LONDON - Health systems could be "overwhelmed" by the costs of coping with mental illnesses such as dementia, depression and addiction if nothing is done now to boost investment in research, leading neuroscientists said on Thursday.

Publishing a study that put the estimated costs of brain disorders in Britain alone at more than 112 billion pounds ($172 billion) a year, they said mental illness research needed to attract the same funding levels as illnesses such as cancer and heart diseases to be able to reduce the burden.

"No group of chronic diseases costs the world more than brain disorders," said Barbara Sahakian, a professor at Cambridge University and president of the British Association of Psychopharmacology.

She told reporters that with a third of the adult population suffering from a mental disorder every year and ageing populations increasing that proportion, "if we don't do something soon ... we will be overwhelmed by brain disorders".

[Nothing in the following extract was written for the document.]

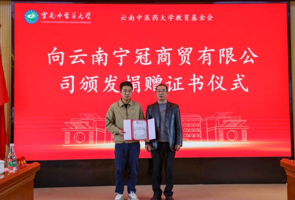 云南宁冠商贸有限公司向基金会捐赠“一站式”学生社区建设项目。丁中涛为公司颁发捐赠证书,与公司代表合影留念。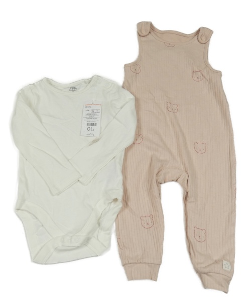Nové - 2Set - Pudrové žebrované laclové tepláky s medvídky + bílé body F&F

The study, published in the Journal of Psychopharmacology, found that in 2010, there were around 45 million diagnoses of brain disorders in Britain.

The diagnosed illnesses included more than 8 million cases of anxiety disorder and nearly 4 million cases of mood disorders such as depression and bipolar disorder.

Annually, the five most costly disorders in terms of medicines, health care and indirect costs such time off work and as loss of productivity were dementia, psychotic disorders, mood disorders, addiction and anxiety disorders.

A Europe-wide study published in 2011 put the total costs of brain disorders at almost 800 billion euros ($1 trillion) and said the region was facing a political, social and financial "ticking bomb" as more people fall prey to mental illnesses.

Some big pharmaceutical companies, in Europe particularly GlaxoSmithKline and AstraZeneca, have been backing away from investment into research on how the brain works and affects behavior because they say it is not profitable enough. That puts the onus on governments and health charities to stump up funding for neuroscience.

David Nutt, a professor of neuropsychopharmacology at Imperial College London, said the situation required a coordinated effort at European and national levels to change policymaker and public attitudes to funding mental health research.

"Diseases need to be ranked according to their economic burden," he said, noting that funding for dementia research in Britain is around 50 million pounds ($77 million) per year, less than a 10th of the annual funding given to cancer research, which gets around 590 million pounds.

"We have an enormous disparity between research investment and the scale of the disorders," he said.